Do you feel it’s sustainable for SentinelOne to be losing as much money as it is today?

You can only buy growth for so long, and you can see that show up in their margins. The gross margins actually went down from 58 percent [in SentinelOne’s quarter ended April 30, 2020] to 53 percent [in the quarter ended April 30, 2021]. That’s not a good trend. Buying growth [only works for] so long. I think we’ve seen this story before with FireEye when it first became public. And at some point, you’ve got to reverse the losses and start generating cash.

What have you heard the experience is like for customers when they attempt to deploy SentinelOne?

It was built as an AV product, not a full EDR, not a platform. There’s no compression algorithm for the experience of working at the scale we work on in the cloud. And when you look at how we built the technology, the fact that we don’t have to reboot systems, the fact that they do. The fact that it impacts and uses so much of their system resources. We started with the agent collecting data, and then we added prevention, as opposed to starting with an on-prem product—which they did—that was AV-focused. When you look at a true platform versus an AV on-prem, when you try to retrofit these AV products on-premise, just like Cylance, you get into a big scalability issue trying to move data at scale and not impact performance and not impact margins. What we found is that developers and users were having so many problems with system resources and slowdown and false positives that companies were forced to turn things off, which is why they moved in the direction of CrowdStrike.

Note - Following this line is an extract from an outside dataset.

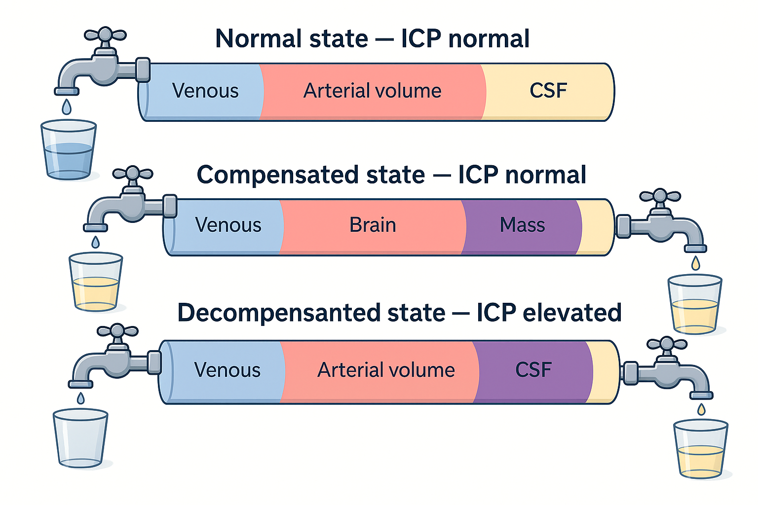 - İntrakraniyal kan: Arteriyol ve venüllerin tonusu ile dural sinüs drenajı BOS’a göre daha hızlı kompansasyon sunar; özellikle serebral venöz volümdeki değişim dakikalar ölçeğinde İKB’yi modüle eder.

What have you been able to do with the Humio acquisition compared with what SentinelOne gained from its Scalyr acquisition?

The Humio technology is fantastic, and that’s the technology that SentinelOne actually wanted [SentinelOne disputes this]. We were fortunate that we’ve got the right company, and those folks wanted to join us, so Humio became part of the CrowdStrike family. And SentinelOne had to choose something other than No. 1 in the market to buy. So, from my perspective on the Humio side, its index-free ingestion makes it incredibly scalable. The performance is unbelievable in terms of your ability to search across unstructured data. Its compression algorithms—we can actually search in compression—really reduces costs. And it runs in a hybrid mode, so you don’t necessarily have to have all the data in one spot under the cloud. You can distribute the data to different places. We think that’s a real advantage in terms of flexibility. Customers love it. We’ve got some really big deals done, which I called out at the last earnings call. We continue to build that out, and we’re as excited as ever about that acquisition.